Mark Michel, the co-founder and managing partner Drexel Hamilton Infrastructure Partners, said there is “an insatiable need and desire by not just energy consumers here in the U.S. but across the globe for a stable supply and increased reliability of ... energy opportunities.”
Utah is “extraordinarily blessed to have the geological fortitude” to have access to this type of crude, Michel told the Seven County Infrastructure Coalition during a hearing in Utah’s statehouse on Friday.
Michel said his team has found increased demand for this waxy crude from oil refineries eager to produce domestic energy as well as demand from makers of cosmetics, lubricants and plastics.
“The market has responded and I think, frankly, it’s been a wonderful opportunity as an American developer to bring this product to market to satisfy the security need of our allies throughout Europe as well as Asia as well as providing for the energy needs of Americans,” Michel told the coalition, describing the railroad “as a very important project for the national security of this country.”
Keith Heaton, the executive director of the coalition, said “we would do much good with these products if we can just get them to the market.”
“The world will be a better place both environmentally and economically with these products,” Heaton said.
Coalition board member Jack Lytle, a commissioner from Utah’s Daggett County, one of seven counties working to build the railroad, said the coalition’s multiyear work on the railroad is “a tremendous model for the state and other commissions on how things can get done.”
“This can be duplicated,” Lytle said.
Opponents of the rail line estimate the production and use of the Uinta Basin crude could increase greenhouse emissions in the U.S. by 1%. And then there are concerns with rolling heated oil along more than 200 miles of the Colorado River through Colorado.
“Approving this is the opposite of bold action,” said Ted Zukoski, an attorney with the Center for Biological Diversity who organized the lawsuit filed in the U.S. Court of Appeals. “It’s just flabbergasting. The priorities of our government are not about combating the climate crisis. They are about knuckling under to the power of the oil and gas industry. There is a disconnect here between the rhetoric and the action of this administration.”
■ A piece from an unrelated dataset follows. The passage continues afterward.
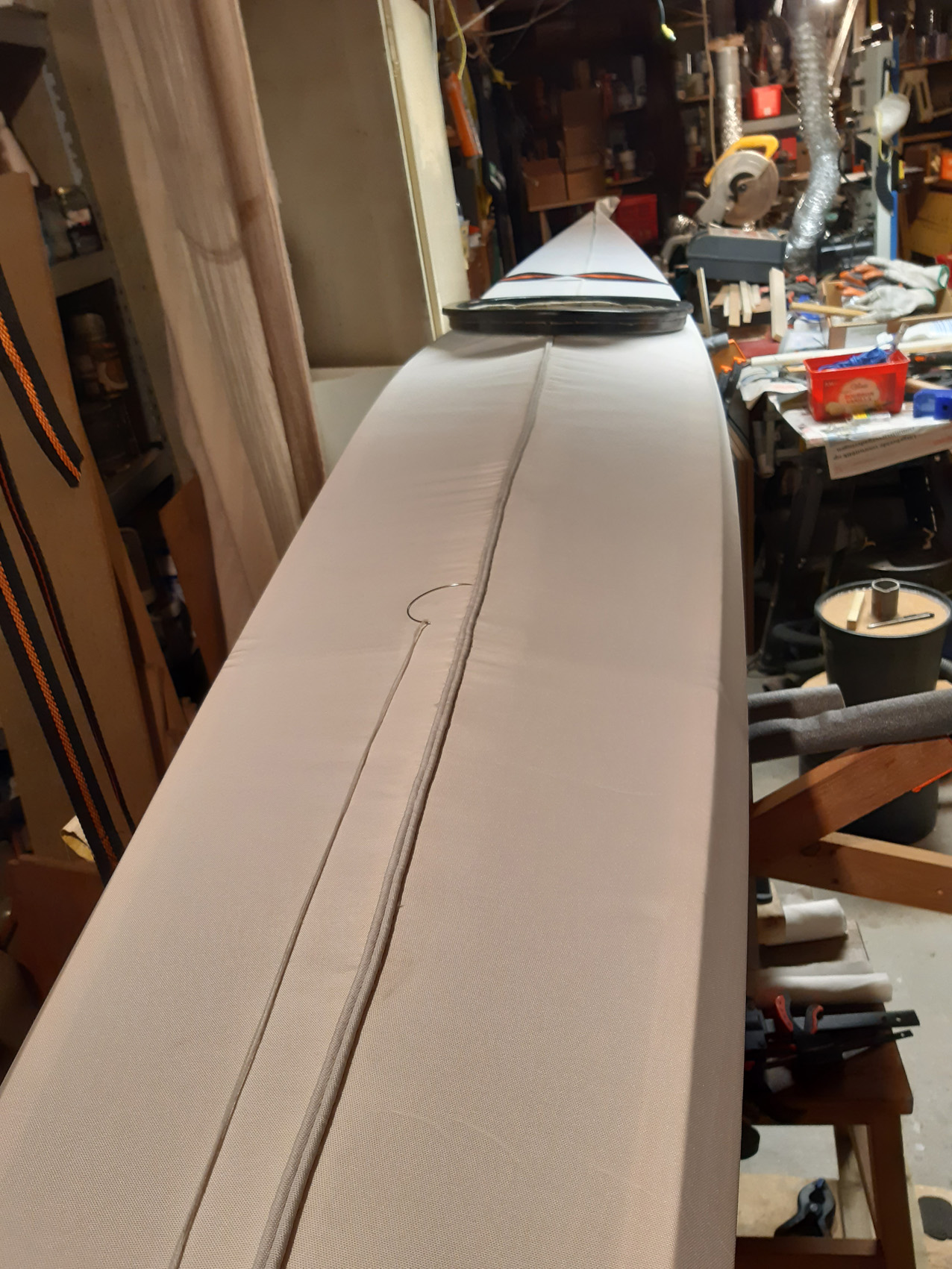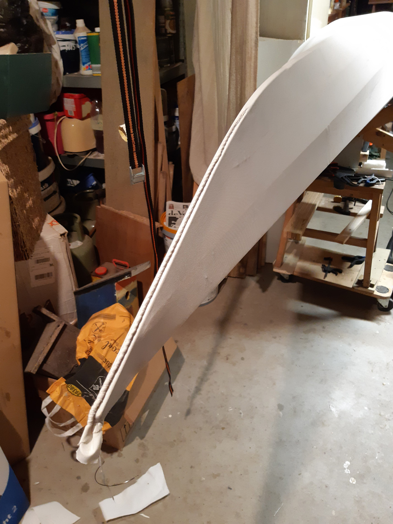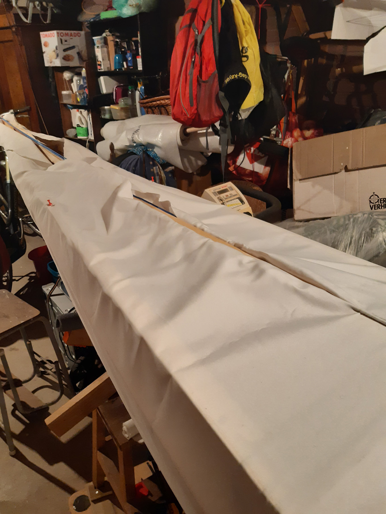 Na het naaien zate in het dek en vooral om de kuip behoorlijk wat plooien die ik er met het strijkijzer gelukkig goed uit kon strijken (heat shrinking).
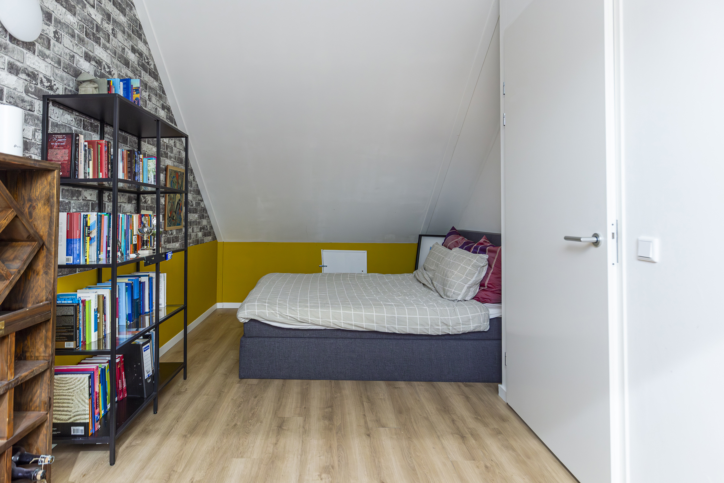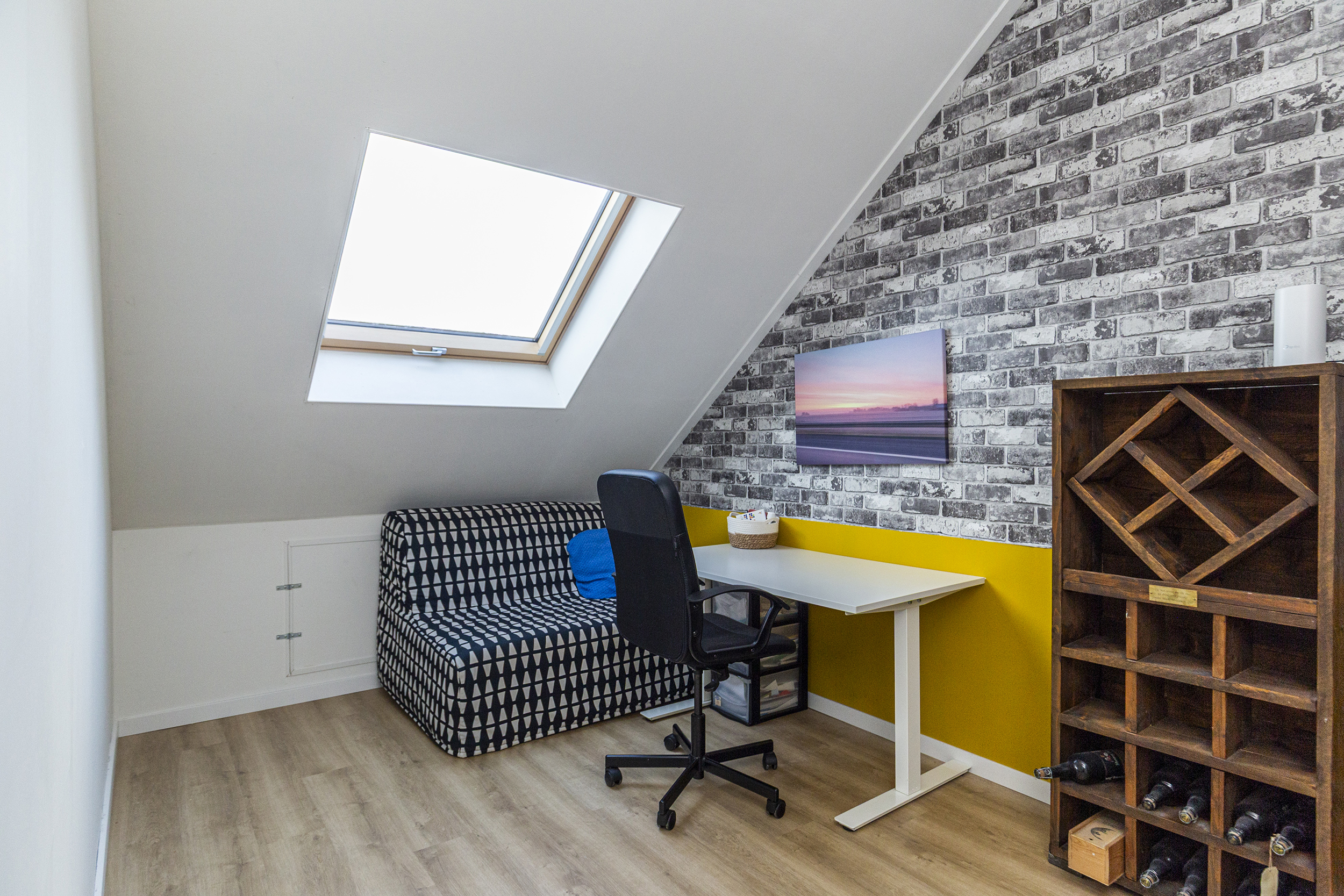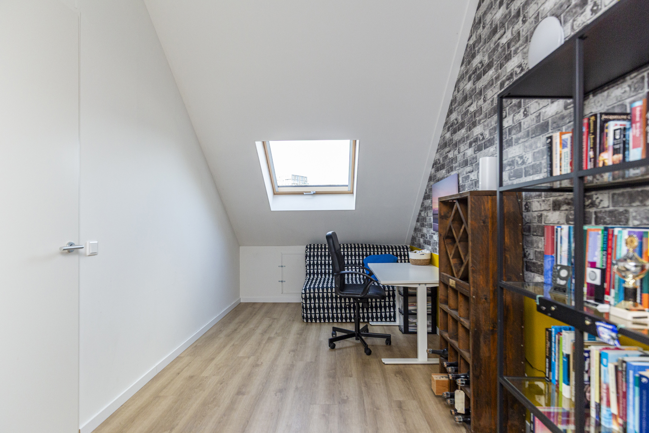 Via de overloop bereiken we de grote ingedeelde zolder etage. Vanuit de overloop bereik je eveneens een afgesloten technische ruimte, met wasmachine en drogeraansluiting, omvormer voor de zonnepanelen en WTW-unit. Ook deze verdieping heeft een pvc houtlook vloerafwerking en toegang tot de afgesloten vierde slaapkamer.

Environmental groups could file a lawsuit objecting to the Forest Service’s final approval of the railroad through the Ashley National Forest. And then there are the lawsuits in Washington and Utah, which could stop or slow the project. But perhaps the best hope for environmental groups is with the market, where investors could be wary of long-term plays in fossil fuels.
“This is an expensive thing to build,” said Seed, who called the initial projected construction cost of $1.5 billion “a significant underestimate” in light of recent economic shifts. “Where is that money going to come from? There is a real concern that they will start building this and not finish it. Or it gets built and then doesn’t get used.”